Although the concept of a modern day Robinson Crusoe marooned on Mars might sound like a depressing proposition, the film's tone never ventures into dark and downbeat territory. Without detracting from the seriousness of the situation, director Ridley Scott infuses the production with moments of low-key, appropriate comedy. Watney's introspective video journals illustrate not only his practicality and innovation but his wry (sometimes gallows) sense of humor. Likewise, some of the Earth-based scenes, while not openly comedic, are played with a lighthearted sensibility.
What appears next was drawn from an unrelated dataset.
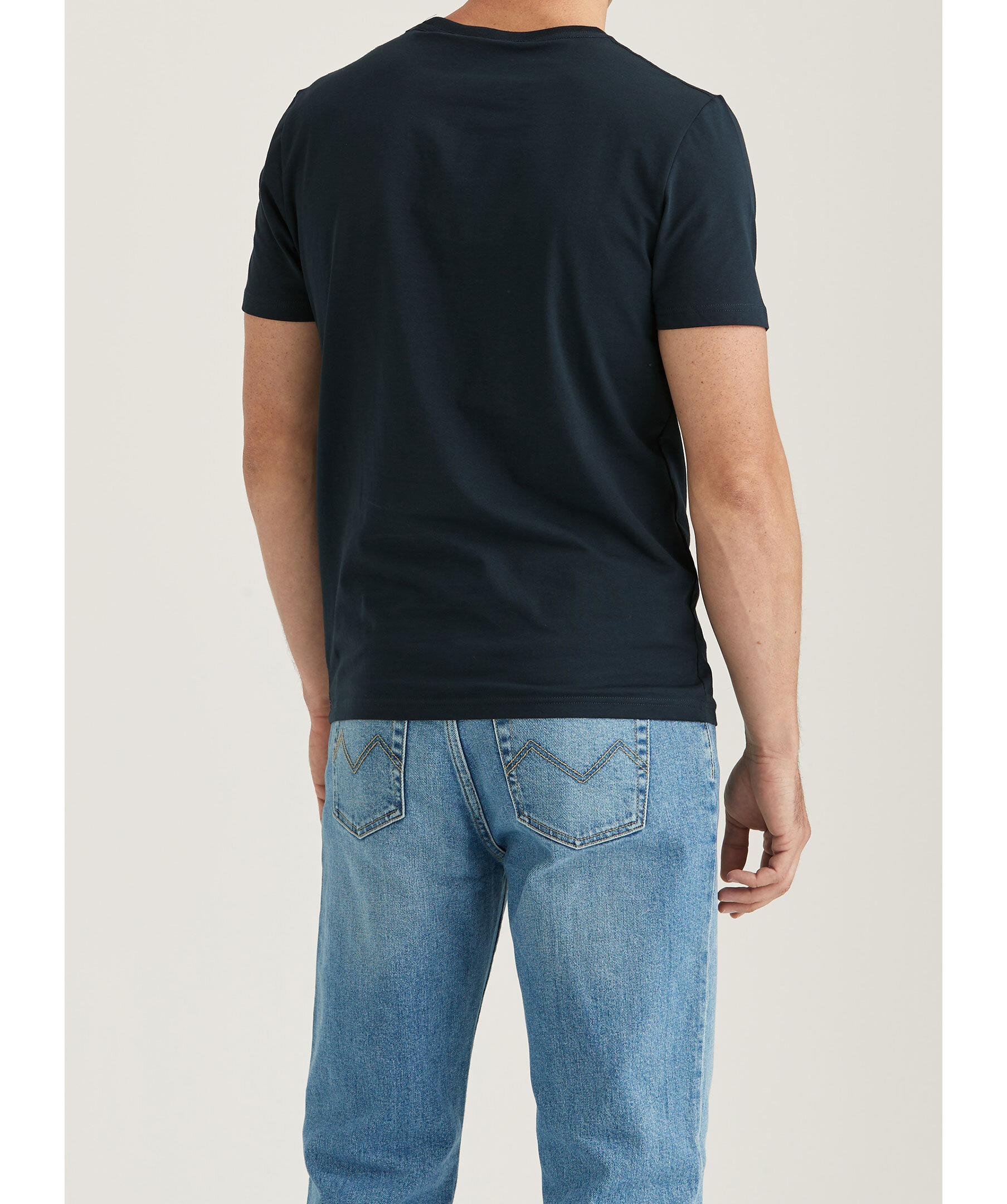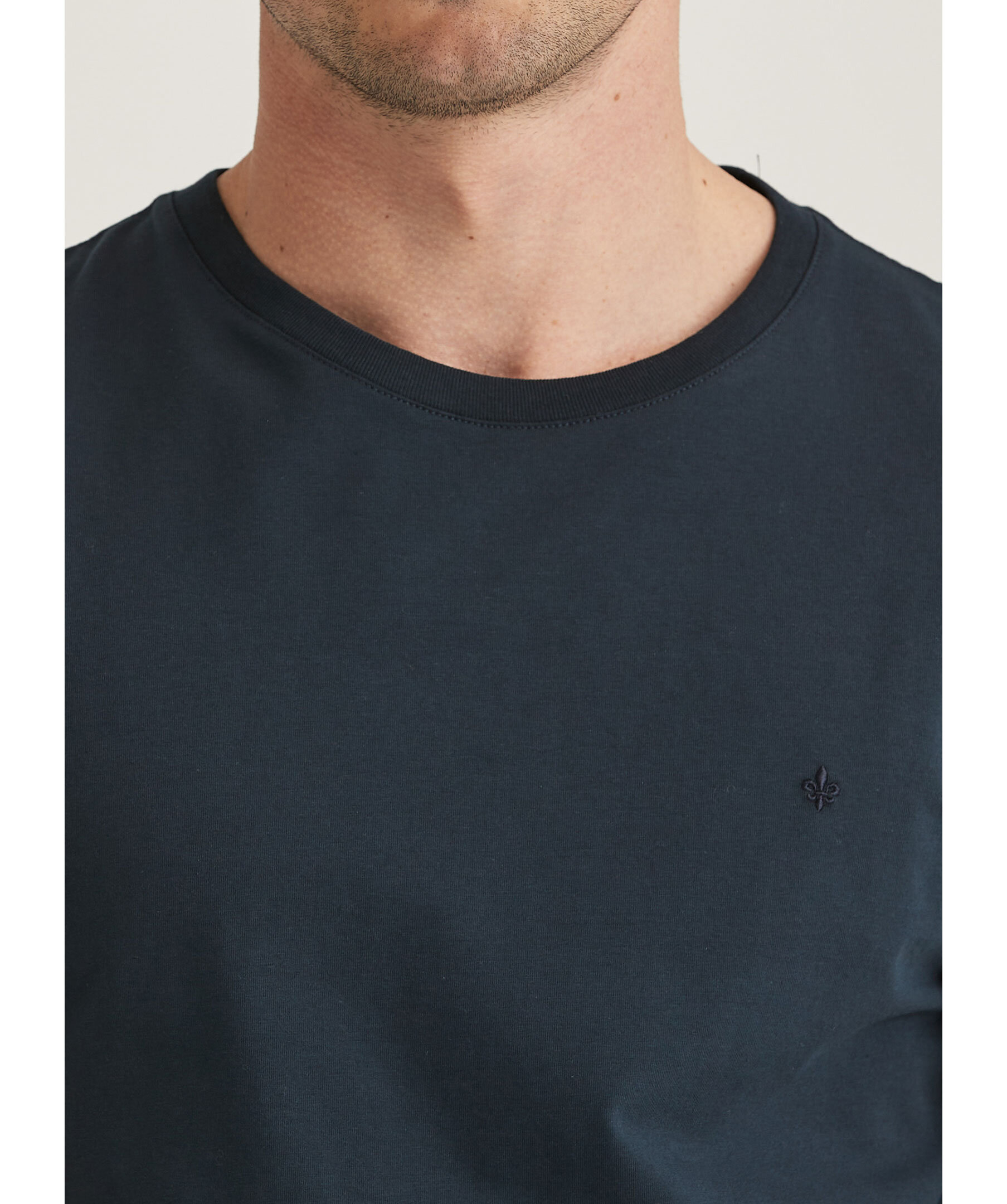 Marinblå t-shirt från Morris med smal passform. Liten, broderad lilja på sidan av bröstet, normal passform. Rundad, ribbad halsringning. Tillverkad i 100% bomull.

For Matt Damon, this is a rare opportunity to show his range. Neither action hero nor supporting character nor George Clooney sidekick, he gives a performance to rival The Departed as the best of his career. One key difference: here, he isn't surrounded by the likes of Leonardo DiCaprio, Jack Nicholson, and Martin Sheen. This is Damon's movie and it's hard to find a flaw in the way he brings Watney to life. The fear, the anguish, the loneliness, the desperation, and the joy they're all there. Only once does Watney give into despair and, on that occasion, it doesn't last long. The secondary cast is impressive, with names like Jessica Chastain, Kristin Wiig, Chiwetel Ejiofor, and Sean Bean lending their talents, but their roles aren't large. They support and never threaten to take the spotlight away from Damon. (Considering that he also played a stranded astronaut in Interstellar, one wonders whether he has become Hollywood's go-to guy for this kind of character.)
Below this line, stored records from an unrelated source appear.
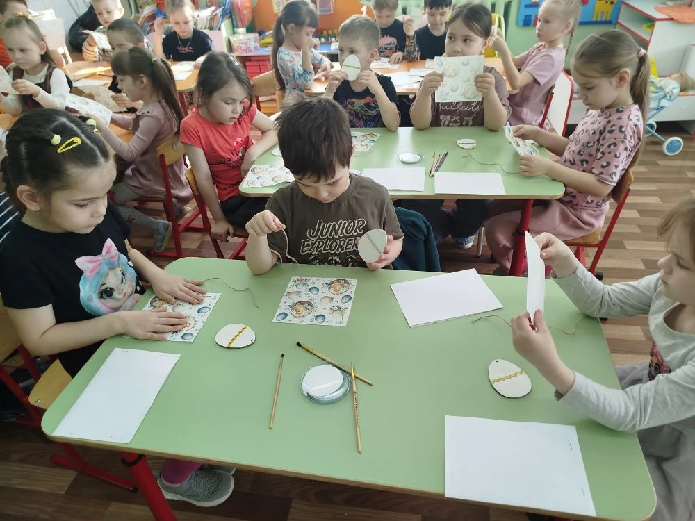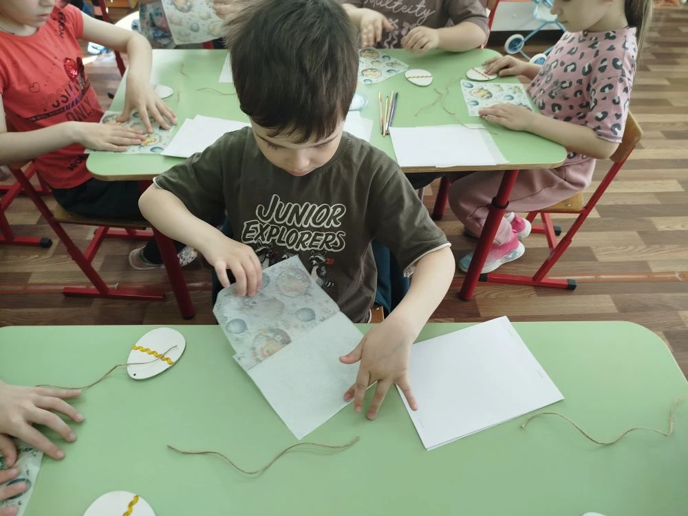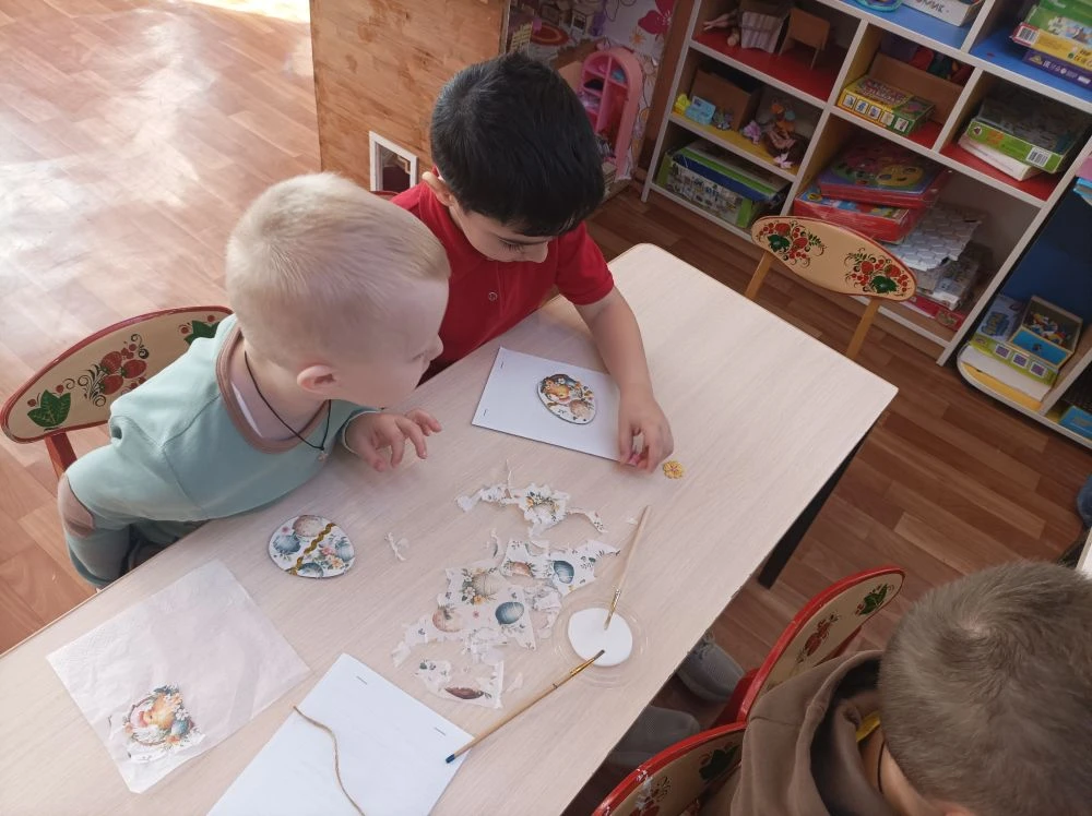 Наши воспитанники с интересом создавали необычные образы на Пасхальных яичках, с помощью бумажных салфеток.
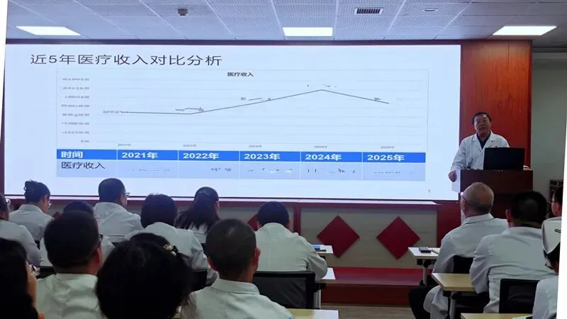 财务科科长吕雅楠就2025年经济运行情况作了分析,总结了2025 年医院运营呈现“门诊向好、住院承压、结构优化、总量不足”的整体特征,对全院收支结构进行了具体的分析对比,并详细剖析临床科室的医疗服务收入、各类支出及科室重点指标情况,从中找出了薄弱环节,并提出各科室要努力在管控成本,优化收入结构等方面下功夫。
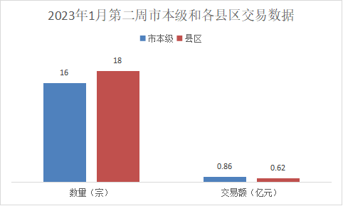本周完成市本级交易项目16宗,交易金额0.86亿元;县区项目交易18宗,交易金额0.62亿元。

As a director, Ridley Scott is by no means a "can't miss" proposition. Although one can rarely fault his ambition, the results have been mixed, especially in recent years. When it comes to science fiction, however, Scott's track record is solid: Alien, Blade Runner, Prometheus - two bona fide classics and one flawed but compelling odyssey. The Martian is a different kind of film from those but no less impressive. Scott uses special effects as a tool to enhance the experience rather than as the means to define it. Many of the effects in The Martian are of the practical variety with CGI used primarily to add an otherworldly flavor to the Martian landscape. The space sequences are nearly as good as those in Gravity. The 3D, although not as impressive as in Alfonso Cuaron's 2013 picture, feels neither gimmicky nor unnecessary. As uneven a director as Scott can be, he can do some amazing things when he's "on"; this is one such occasion.
The Martian is based on Andy Weir's novel of the same name and uses a similar science-based approach to many of its scenes. NASA was involved both at the script stage and during filming and, although there are instances in which The Martian takes liberties with the laws of physics, it presents one of the most accurate screen depictions of space travel to date. This authenticity is one of the factors that attracted Damon and Scott to the project and Weir's continued involvement brought NASA on board.
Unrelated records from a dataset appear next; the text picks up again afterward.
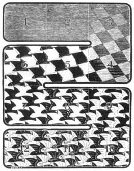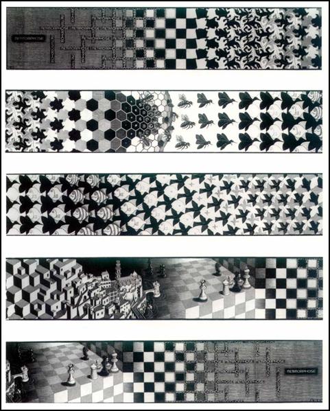 Le Metamorfosi sono un'opera famosa di Escher, questo è solo un esempio a scopo di farne comprendere la tecnica.
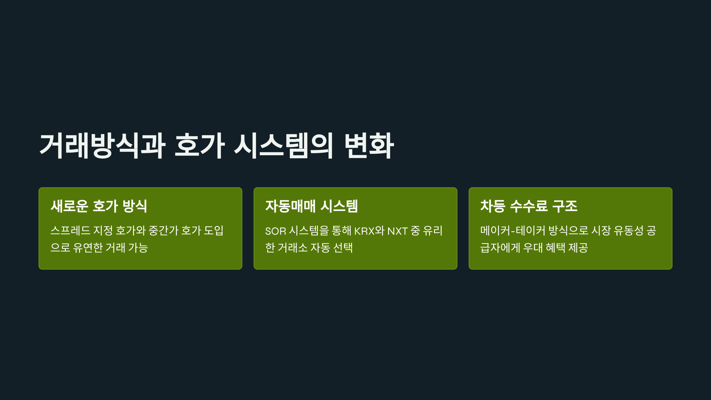 NXT는 거래 편의성을 위해 자동주문선택(SOR) 시스템을 도입했습니다. 이는 투자자가 주문을 넣을 때, KRX와 NXT 중 유리한 거래 조건을 자동으로 탐지해 주문을 배분하는 기능입니다. 이 시스템은 투자자의 부담을 줄이고, 동시에 두 거래소 간 경쟁을 촉진하는 구조로 작동할 수 있습니다.
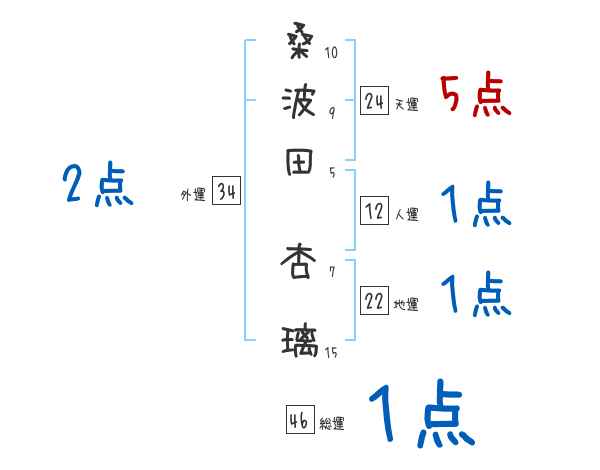 天運![]() | 桑波田杏璃さんの天運は24画の5つ星!家庭運が良く順調な人生。金運にも恵まれる。 家系が持つ宿命的な運勢を表します。祖先から受け継いだ苗字ですので自分の力が及びません。家柄を象徴します。 |
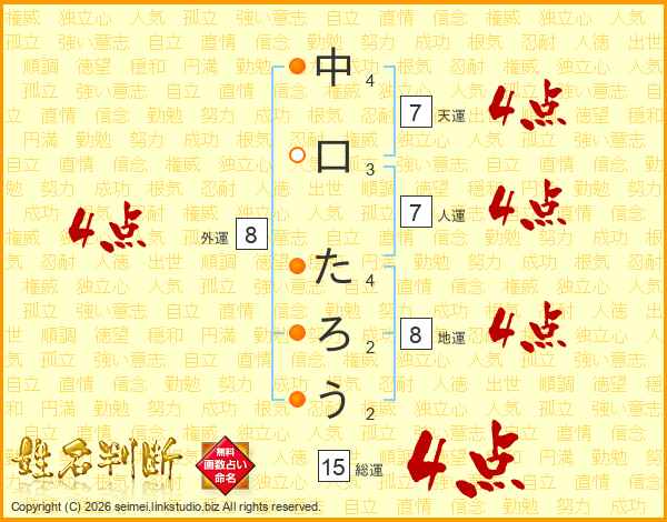 中口たろうさんの総運は15画の4点!

In releasing The Martian, 20th Century Fox has fired the first shot in the 2015 Oscar competition. Although the science fiction genre is more often associated with the escapist fare of summer than the serious offerings of the fall, The Martian is an exception. Those who crave nonstop action and seizure-promoting editing may find this film's pace too deliberate. They may be unable to appreciate its character focus and slow but undeniable build-up of tension. This is science fiction for sophisticated audiences and, as such, a fulfilling and satisfying experience.